(Excerpts from a dataset)
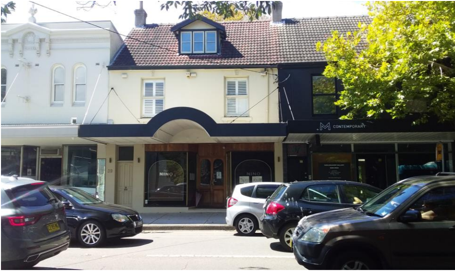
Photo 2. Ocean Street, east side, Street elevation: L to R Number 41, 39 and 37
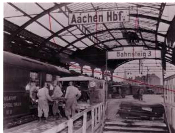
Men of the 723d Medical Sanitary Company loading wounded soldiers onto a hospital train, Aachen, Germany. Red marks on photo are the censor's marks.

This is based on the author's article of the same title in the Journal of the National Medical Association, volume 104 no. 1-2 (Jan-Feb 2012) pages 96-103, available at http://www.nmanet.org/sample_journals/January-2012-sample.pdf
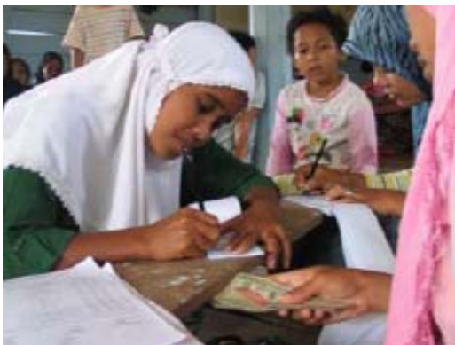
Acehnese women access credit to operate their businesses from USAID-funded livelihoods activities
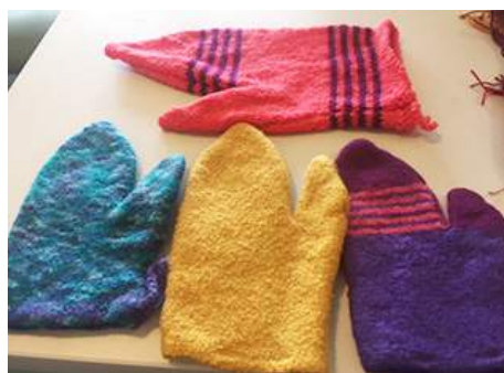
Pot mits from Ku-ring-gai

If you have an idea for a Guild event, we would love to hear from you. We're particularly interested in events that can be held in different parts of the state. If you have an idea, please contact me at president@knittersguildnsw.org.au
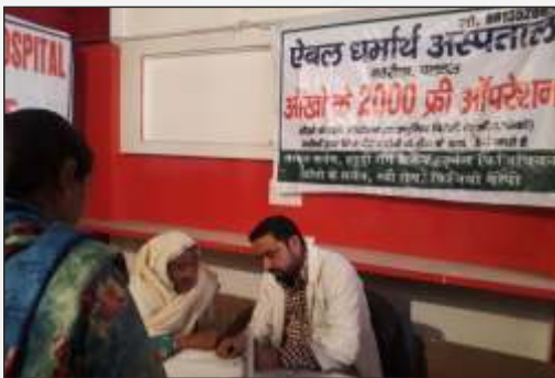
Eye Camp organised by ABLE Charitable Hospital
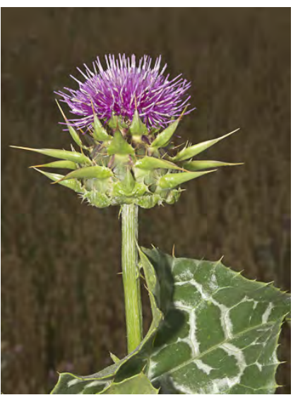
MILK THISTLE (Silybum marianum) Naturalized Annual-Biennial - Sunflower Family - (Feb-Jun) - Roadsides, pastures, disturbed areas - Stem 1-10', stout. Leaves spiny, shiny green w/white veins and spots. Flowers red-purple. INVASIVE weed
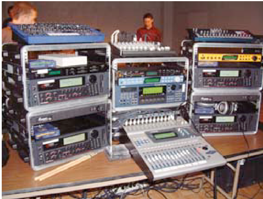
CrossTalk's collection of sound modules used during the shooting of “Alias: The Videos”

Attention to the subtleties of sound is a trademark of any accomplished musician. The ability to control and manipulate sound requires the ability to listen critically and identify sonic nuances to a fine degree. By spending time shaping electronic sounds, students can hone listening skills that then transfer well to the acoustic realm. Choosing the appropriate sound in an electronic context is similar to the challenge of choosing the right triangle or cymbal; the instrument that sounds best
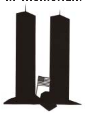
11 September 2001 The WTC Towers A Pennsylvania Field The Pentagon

• The problem
All entries must be output unchanged, with every picture omitted.

• Exercise solution
Photo 2. Ocean Street, east side, Street elevation: L to R Number 41, 39 and 37
Men of the 723d Medical Sanitary Company loading wounded soldiers onto a hospital train, Aachen, Germany. Red marks on photo are the censor's marks.

This is based on the author's article of the same title in the Journal of the National Medical Association, volume 104 no. 1-2 (Jan-Feb 2012) pages 96-103, available at http://www.nmanet.org/sample_journals/January-2012-sample.pdf
Acehnese women access credit to operate their businesses from USAID-funded livelihoods activities
Pot mits from Ku-ring-gai

If you have an idea for a Guild event, we would love to hear from you. We're particularly interested in events that can be held in different parts of the state. If you have an idea, please contact me at president@knittersguildnsw.org.au
Eye Camp organised by ABLE Charitable Hospital
MILK THISTLE (Silybum marianum) Naturalized Annual-Biennial - Sunflower Family - (Feb-Jun) - Roadsides, pastures, disturbed areas - Stem 1-10', stout. Leaves spiny, shiny green w/white veins and spots. Flowers red-purple. INVASIVE weed
CrossTalk's collection of sound modules used during the shooting of “Alias: The Videos”

Attention to the subtleties of sound is a trademark of any accomplished musician. The ability to control and manipulate sound requires the ability to listen critically and identify sonic nuances to a fine degree. By spending time shaping electronic sounds, students can hone listening skills that then transfer well to the acoustic realm. Choosing the appropriate sound in an electronic context is similar to the challenge of choosing the right triangle or cymbal; the instrument that sounds best
11 September 2001 The WTC Towers A Pennsylvania Field The Pentagon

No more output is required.